::: Extracted records
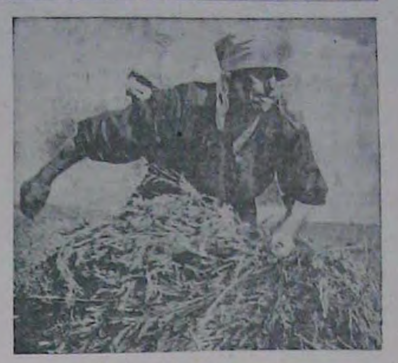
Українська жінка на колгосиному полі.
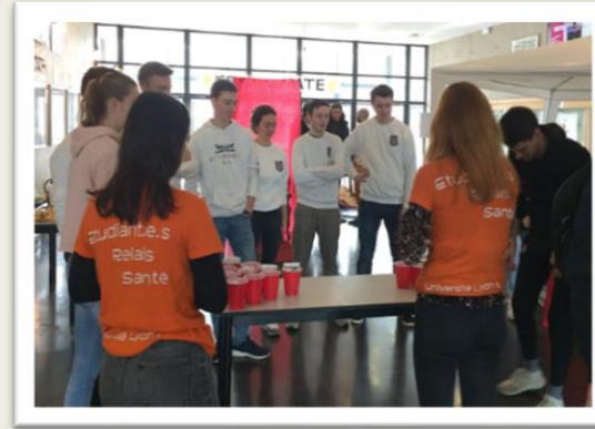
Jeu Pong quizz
::::::
::: Extracted records
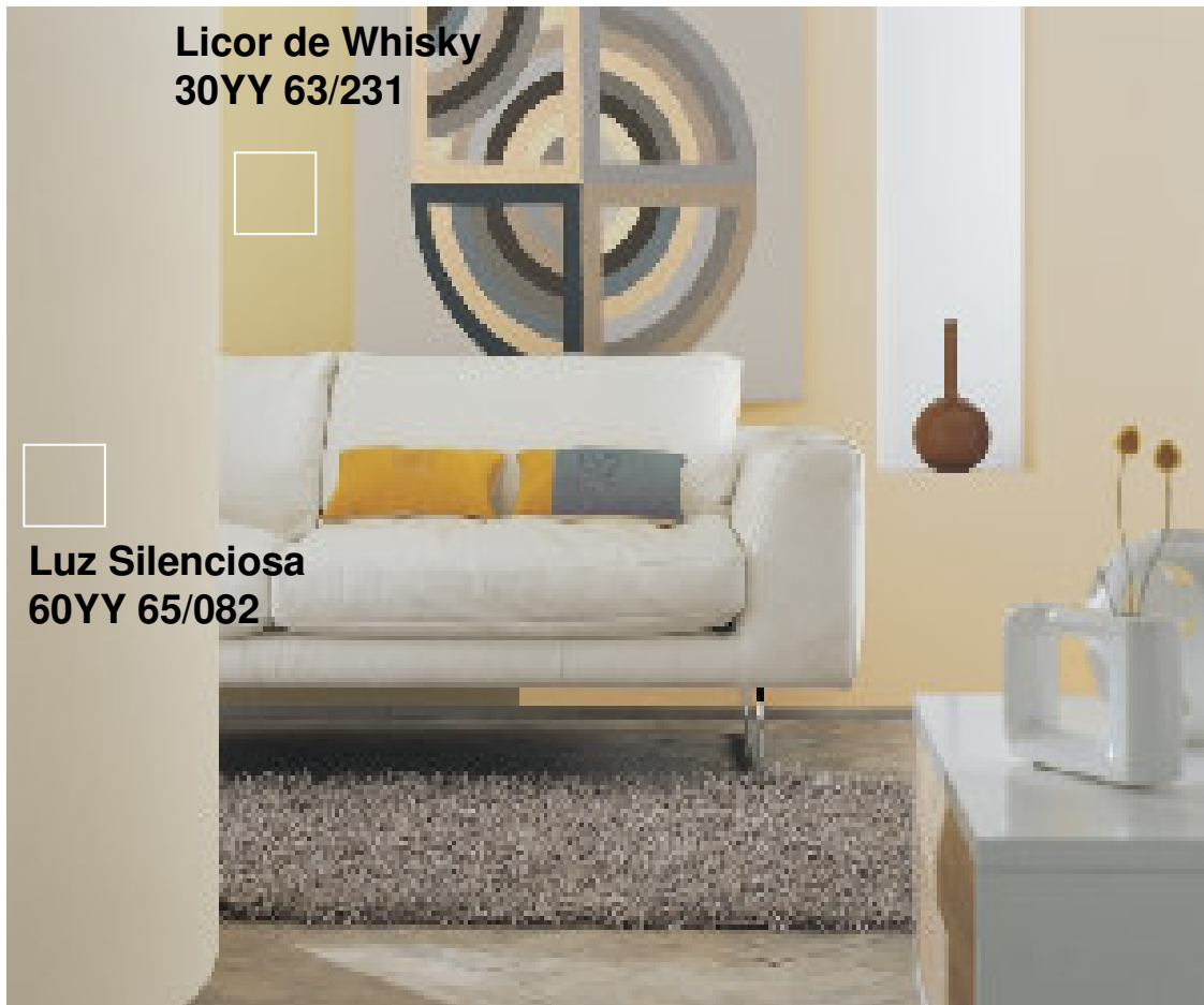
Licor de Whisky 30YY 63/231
::::::
Your assignment: Range to copy from the listing above: the line containing "Українська жінка на колгосиному полі." down to the line containing "Jeu Pong quizz", both included. Reproduce it exactly, minus the pictures, and add nothing.

Answer to this task:
Українська жінка на колгосиному полі.
Jeu Pong quizz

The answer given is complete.